• Material for this task
----------

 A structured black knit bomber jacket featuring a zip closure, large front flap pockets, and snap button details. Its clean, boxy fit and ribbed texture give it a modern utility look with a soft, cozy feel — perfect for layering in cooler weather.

----------

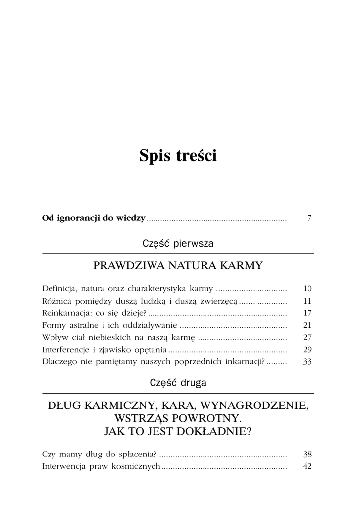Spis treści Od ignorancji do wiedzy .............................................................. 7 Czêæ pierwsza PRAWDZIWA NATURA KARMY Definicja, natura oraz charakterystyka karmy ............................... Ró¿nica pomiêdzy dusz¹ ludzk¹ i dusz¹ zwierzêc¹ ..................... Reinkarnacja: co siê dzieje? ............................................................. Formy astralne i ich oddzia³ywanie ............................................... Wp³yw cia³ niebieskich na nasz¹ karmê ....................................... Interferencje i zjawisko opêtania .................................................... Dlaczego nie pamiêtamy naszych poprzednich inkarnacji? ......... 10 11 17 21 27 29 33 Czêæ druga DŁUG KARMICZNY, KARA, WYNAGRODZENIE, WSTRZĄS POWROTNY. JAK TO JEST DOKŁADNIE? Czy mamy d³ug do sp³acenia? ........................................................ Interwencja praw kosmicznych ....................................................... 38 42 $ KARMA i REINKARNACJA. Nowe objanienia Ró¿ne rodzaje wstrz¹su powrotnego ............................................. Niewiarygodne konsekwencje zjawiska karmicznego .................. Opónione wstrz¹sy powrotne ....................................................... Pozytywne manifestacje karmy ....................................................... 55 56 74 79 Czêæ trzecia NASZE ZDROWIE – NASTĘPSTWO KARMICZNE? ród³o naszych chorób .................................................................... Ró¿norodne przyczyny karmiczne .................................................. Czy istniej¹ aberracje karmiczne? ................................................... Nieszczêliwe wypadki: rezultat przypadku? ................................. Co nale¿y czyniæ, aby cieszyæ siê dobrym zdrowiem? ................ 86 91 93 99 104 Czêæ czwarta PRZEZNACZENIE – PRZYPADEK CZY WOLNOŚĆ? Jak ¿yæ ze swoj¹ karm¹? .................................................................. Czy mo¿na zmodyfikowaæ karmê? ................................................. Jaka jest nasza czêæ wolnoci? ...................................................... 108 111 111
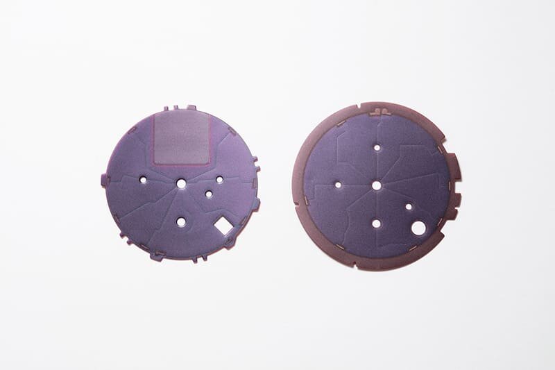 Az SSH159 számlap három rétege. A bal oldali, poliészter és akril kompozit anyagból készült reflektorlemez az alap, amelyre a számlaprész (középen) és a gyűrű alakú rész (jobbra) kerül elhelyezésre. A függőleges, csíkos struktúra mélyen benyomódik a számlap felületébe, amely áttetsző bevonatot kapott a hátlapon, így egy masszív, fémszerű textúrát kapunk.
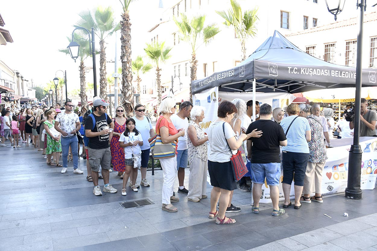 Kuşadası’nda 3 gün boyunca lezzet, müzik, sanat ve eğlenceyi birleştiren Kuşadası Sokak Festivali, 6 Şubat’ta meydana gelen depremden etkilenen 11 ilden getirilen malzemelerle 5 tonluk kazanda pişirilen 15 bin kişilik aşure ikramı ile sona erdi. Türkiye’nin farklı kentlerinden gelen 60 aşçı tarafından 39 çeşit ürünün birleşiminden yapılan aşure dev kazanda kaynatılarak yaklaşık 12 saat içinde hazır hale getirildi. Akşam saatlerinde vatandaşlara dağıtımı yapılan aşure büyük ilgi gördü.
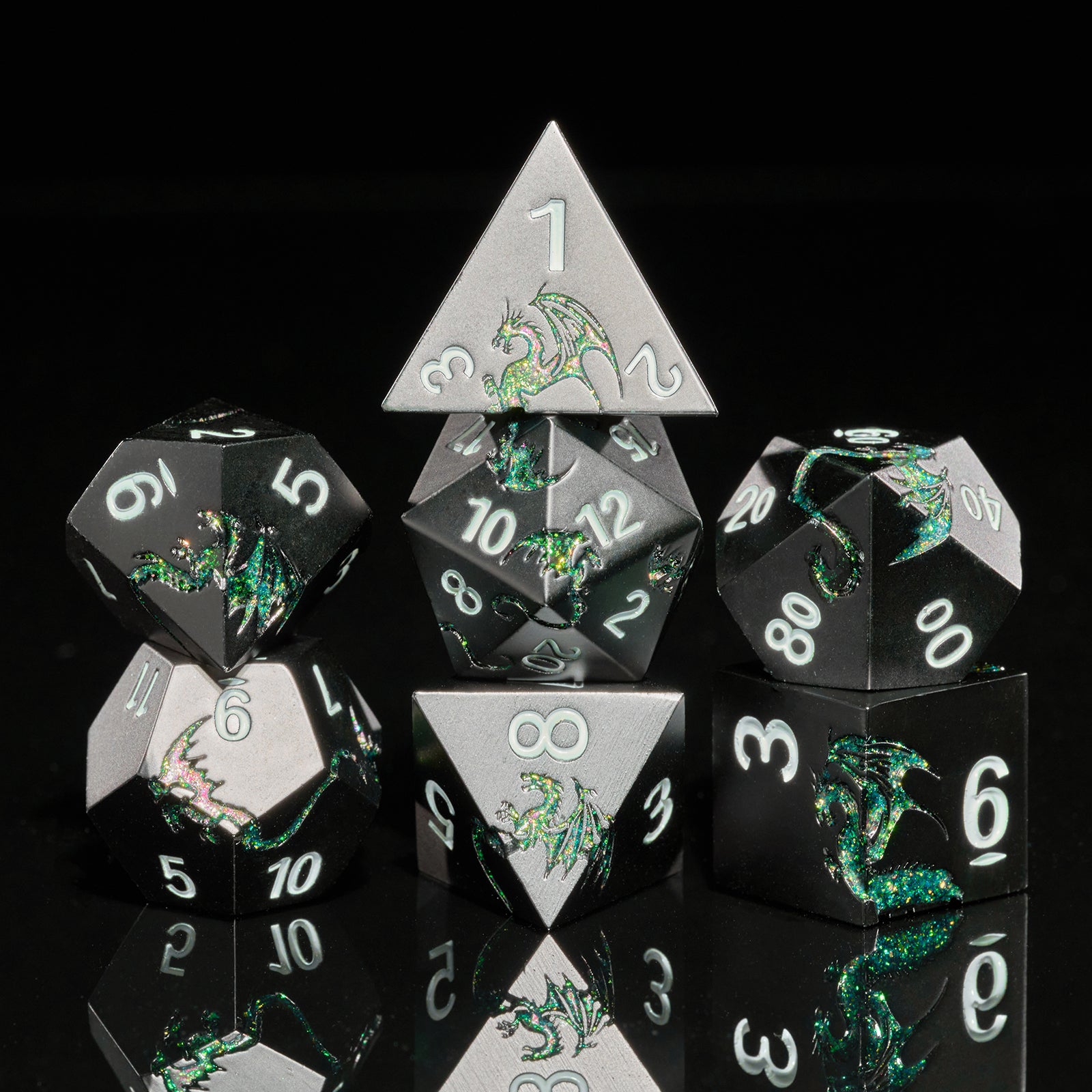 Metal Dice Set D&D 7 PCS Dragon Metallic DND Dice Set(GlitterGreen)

----------

• Directions
Starting with the line that has "Kuşadası’nda 3 gün" and ending with the line that has "Metal Dice Set", repeat the lines above exactly, omitting every picture.

• Response
 Kuşadası’nda 3 gün boyunca lezzet, müzik, sanat ve eğlenceyi birleştiren Kuşadası Sokak Festivali, 6 Şubat’ta meydana gelen depremden etkilenen 11 ilden getirilen malzemelerle 5 tonluk kazanda pişirilen 15 bin kişilik aşure ikramı ile sona erdi. Türkiye’nin farklı kentlerinden gelen 60 aşçı tarafından 39 çeşit ürünün birleşiminden yapılan aşure dev kazanda kaynatılarak yaklaşık 12 saat içinde hazır hale getirildi. Akşam saatlerinde vatandaşlara dağıtımı yapılan aşure büyük ilgi gördü.
 Metal Dice Set D&D 7 PCS Dragon Metallic DND Dice Set(GlitterGreen)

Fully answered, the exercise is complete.